Quick Baked Potatoes

A quicker method for baking potatoes that are crispy, fluffy, and perfect for loading up with your favorite baked potato toppings. 

Quick baked potatoes sliced open and fluffed with a fork on a baking sheet.

There’s really nothing better than a freshly baked potato right? From the crispy skin to the fluffy flesh, it’s just so darn comforting.

But man if it doesn’t take FOREVER to bake a potato.

Sure, you can shortcut it with the microwave but they’re just not the same. The potato skins end up papery and dry while the flesh gets gluey and dense.

After discovering a method for cooking quick baked sweet potatoes, I was dying to try it with regular baked potatoes too.

It’s pretty much like our classic toaster oven baked potato. Except you only need a baking sheet and instead of cooking your potatoes whole, you slice them in half lengthwise!

Large baked potato halves on a 1/8th baking sheet opened and fluffed.

Smaller spuds take about 25 to 30 minutes while larger ones (like the 13 oz one pictured above) will run you 35 to 40 minutes.

The result is heavenly, a perfect marriage of crispy roasted potato wedges and fluffy baked potatoes.

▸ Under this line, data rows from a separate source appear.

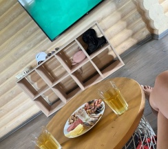 Давно хотела оставить отзыв, но никак не доходили руки 😁 Бронировала домик 30 августа 2023 года, решила мужу сделать подарок на день рождения. Так замечательно мы не отдыхали давно. Дом функциональный, всё есть, чисто, красиво. Никаких мух у нас не было 😅😂 никто нас не атаковал из насекомых 😁😅 Мы заехали, расположились, пожарили шашлыки и пошли в баню. Баня просто супер класс, а чан с видом на горы и на лошадей ☺️🤗 вообще сказка 🤗☺️ Мы брали с собой купальники, сланцы и халаты, поэтому у нас не было проблем с тапочками, халатами и т.д. 🤪😆 Брали с собой колонку, веселились, танцевали и при этом никому не мешали, так как звук был как говорится только для нас, а не для всей базы 😊 В других домиках тоже были гости, но никто ни кому не мешал вообще, ночью никто не шумел, музыку не слушал, все спали 😄 Утром выспались, приняли душ и наверное нам как позитывным людям повезло 🤭😆 вода была абсолютно нормальная, как и дома 😁 позавтракали ( брали с собой продукты ), спокойно собрались, никто нас не подгонял и не торопил 👍 за что отдельное спасибо ♥️ и поехали на Бердские скалы 🤗 Ооо это как мини Горный Алтай 👍 следующий пункт назначения был водопад Бучило 👍 Вообщем выходные прошли на ура 👏 Нашей семье всё понравилось без исключения. Минусов мы не увидели нигде. Вернёмся обязательно и с удовольствием 😉 Побольше вам позитывных отдыхающих 😁😉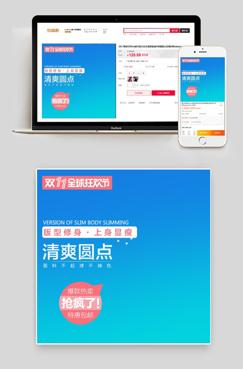 双十一 蓝色背景 渐变蓝色 简洁 时尚 小清新 清爽 特惠 包邮 女装 主图 直通车 psd模板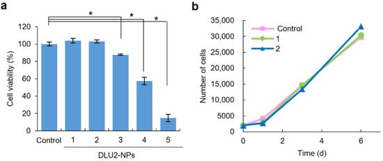 DLU2-NPs were diluted 1:100 using PBS, and the particle size and zeta potential were measured by dynamic light scattering (DLS) using the Zetasizer Nano ZS (Malvern Instruments, Ltd., Herrenberg, Germany). These measurements were performed at 25 °C.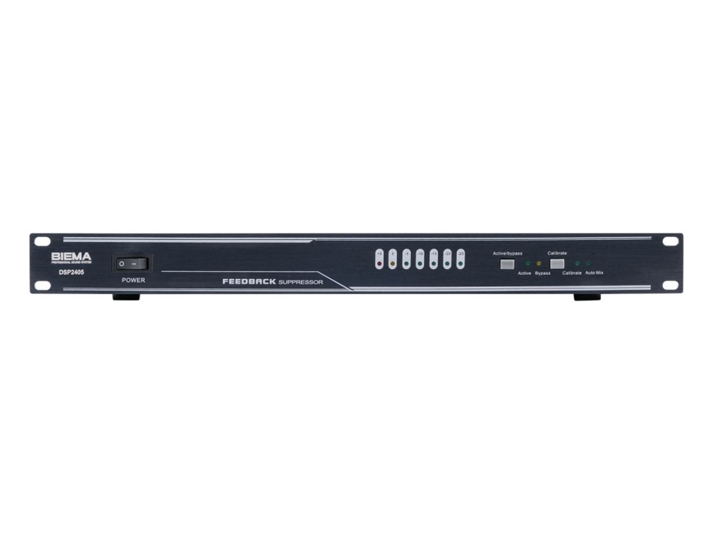 DSP2405 - это устройство обнаружения обратной связи, которое можно использовать в двухканальном или моно режиме. Система анализирует все частоты в тракте сигнала, определяет причину эффекта Ларсена и устраняет его, внедряя 12 высокоточных режекторных фильтров в реальном времени, которые имеют затухание - 45 дБ.

Quick Baked Potatoes vs. Traditional Baked Potatoes

After making these quick baked potatoes a bunch we’ve noticed a few things:

  1. The skin is crisp and way better than the microwave but it’s not near as crispy as the skin on a traditional baked potato.
  2. You still have to fluff the potatoes after cooking to let the moisture out or they will become dense.
  3. If you skip the fluffing, the halves are great for scooping out and making potato skins!

~ Keep scrolling for step by step photos & toaster oven baked potato tips after the recipe ~

Baked potato halves on a baking sheet with one sliced open and fluffed with a fork.

Quick Baked Potatoes

Yield: 4 Baked Potato Halves
Prep Time: 5 minutes
Cook Time: 30 minutes
Total Time: 35 minutes

A quicker method for baking fluffy potatoes that are perfect for loading up with your favorite toppings.

Ingredients

  • 2 medium Russet Potatoes (about 6 ounces each), washed and dried
  • 1/4 teaspoon olive oil, plus more for the pan
  • Salt

Instructions

1. Adjust the cooking rack in your toaster oven (or oven) to the lowest position and preheat to 400°F on the “Bake” setting.

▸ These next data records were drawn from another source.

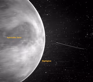 En Venus, la cámara detectó un borde brillante alrededor del borde del planeta que puede ser un resplandor nocturno: luz emitida por átomos de oxígeno en lo alto de la atmósfera que se recombinan en moléculas en el lado nocturno. La característica oscura prominente en el centro de la imagen es Afrodita Terra, la región montañosa más grande de la superficie de Venus. La característica parece oscura debido a su temperatura más baja, unos 30 grados Celsius más fría que su entorno.
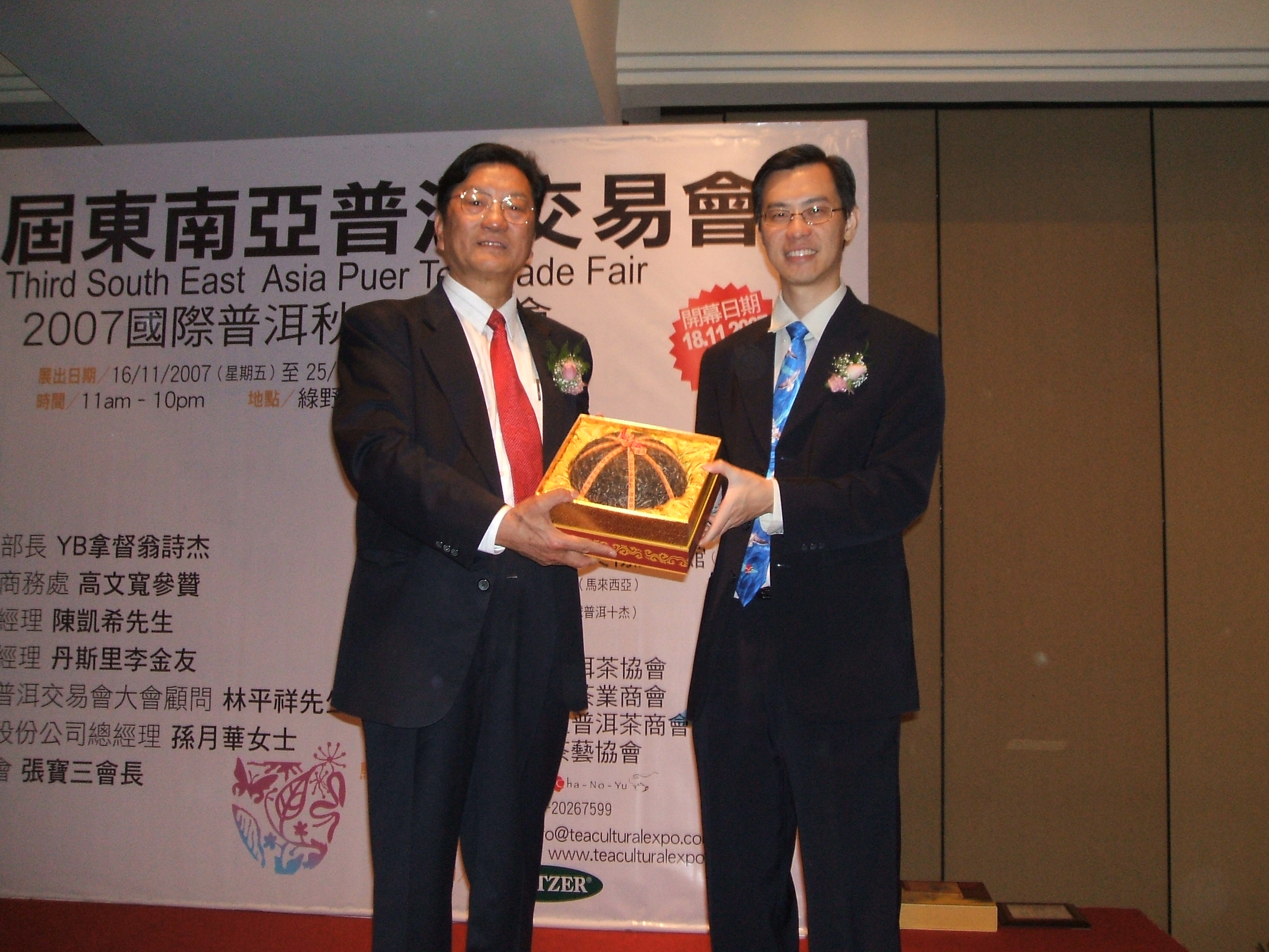 公司董事長(cháng)李惠娟與云南省茶葉協(xié)會(huì )會(huì )長(cháng)張寶三在馬來(lái)西亞考察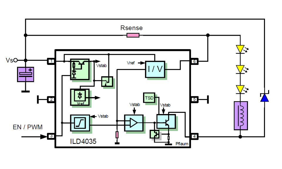The typical application circuit using Infineon's ILD4035https://www.led-professional.com/media/products_led-driver-ics-modules_ild4035-2013-step-down-led-driver-for-1w-leds_ild4035-buck-led-converter-typical-application/viewhttps://www.led-professional.com/media/products_led-driver-ics-modules_ild4035-2013-step-down-led-driver-for-1w-leds_ild4035-buck-led-converter-typical-application/@@images/image-1200-ab5f074dd85ab5513702ae1339db573c.jpeg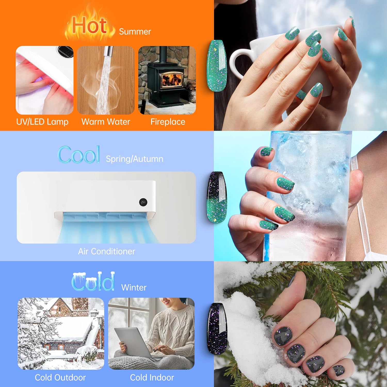 YTD Likomey Brocade Glitter Color Changing Gel Nail Polish,15ml Bright Green To Dark Green Shimmer Mood Temperature Change Colors,Fall Winter Ombre Thermal UV Nail Gel,WB349

2. Brush a sheet pan with oil or line with a silicone baking mat.

3. Stab the potatoes with a fork 2 or 3 times on each side. Then slice them in half lengthwise.

4. Place the potatoes on the prepared pan and drizzle with oil. Use your hands to rub both sides of the potatoes well with the oil. Season the flesh with salt and pepper.

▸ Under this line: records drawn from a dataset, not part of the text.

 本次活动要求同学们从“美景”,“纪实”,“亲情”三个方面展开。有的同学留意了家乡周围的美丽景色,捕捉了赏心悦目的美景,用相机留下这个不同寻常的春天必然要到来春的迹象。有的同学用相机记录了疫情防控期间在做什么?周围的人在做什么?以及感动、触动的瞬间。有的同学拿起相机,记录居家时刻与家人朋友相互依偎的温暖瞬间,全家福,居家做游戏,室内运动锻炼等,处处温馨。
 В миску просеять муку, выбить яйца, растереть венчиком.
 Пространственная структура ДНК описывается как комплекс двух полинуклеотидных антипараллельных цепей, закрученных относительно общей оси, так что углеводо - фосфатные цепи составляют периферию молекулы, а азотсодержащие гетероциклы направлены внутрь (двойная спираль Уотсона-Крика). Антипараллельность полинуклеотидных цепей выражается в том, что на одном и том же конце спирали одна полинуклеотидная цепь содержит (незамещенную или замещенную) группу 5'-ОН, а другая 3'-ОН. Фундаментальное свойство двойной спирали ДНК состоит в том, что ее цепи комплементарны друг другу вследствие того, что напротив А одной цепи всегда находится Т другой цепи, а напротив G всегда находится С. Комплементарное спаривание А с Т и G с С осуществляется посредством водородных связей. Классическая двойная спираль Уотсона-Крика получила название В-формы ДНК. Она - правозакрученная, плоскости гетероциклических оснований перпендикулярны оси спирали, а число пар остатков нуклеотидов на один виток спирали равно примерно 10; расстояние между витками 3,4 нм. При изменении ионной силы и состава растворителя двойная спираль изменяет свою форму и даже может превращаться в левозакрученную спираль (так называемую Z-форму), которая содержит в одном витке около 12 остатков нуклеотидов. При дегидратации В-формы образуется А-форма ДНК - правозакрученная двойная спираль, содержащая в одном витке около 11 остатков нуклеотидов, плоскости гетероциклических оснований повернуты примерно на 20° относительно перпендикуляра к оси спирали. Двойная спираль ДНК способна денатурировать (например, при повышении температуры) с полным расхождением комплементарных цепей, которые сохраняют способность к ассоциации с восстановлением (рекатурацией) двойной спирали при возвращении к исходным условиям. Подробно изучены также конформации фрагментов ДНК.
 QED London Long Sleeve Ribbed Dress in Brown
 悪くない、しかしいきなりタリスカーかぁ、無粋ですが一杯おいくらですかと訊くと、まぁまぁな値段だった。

5. Arrange the potatoes halves with the flesh facing the pan. Sprinkle the skins with salt if desired.

6. Bake until the potatoes are tender and the skins are dry and golden, about 25 to 40 minutes depending on the size of your potatoes.

7. Cool the potatoes slightly, then use a spatula to transfer to a plate. Slice a thin strip off the top of each potato and fluff the flesh with a fork.

8. Season, add your favorite toppings and enjoy!

Notes

Cooking With Convection: Keep the temperature at 400°F and begin checking for doneness after 20 minutes, adding more time as needed. All of the convection batches we’ve baked have taken the same amount of time as the batches cooked with convectional heat. The only difference was the convection ones had crispier skins.

Oil-Free: Omit the oil and line your pan with a silicone baking mat. The flesh facing the baking mat may stick a little. If that happens, leave the potatoes to cool for 5 minutes, then peel them off with your hands. 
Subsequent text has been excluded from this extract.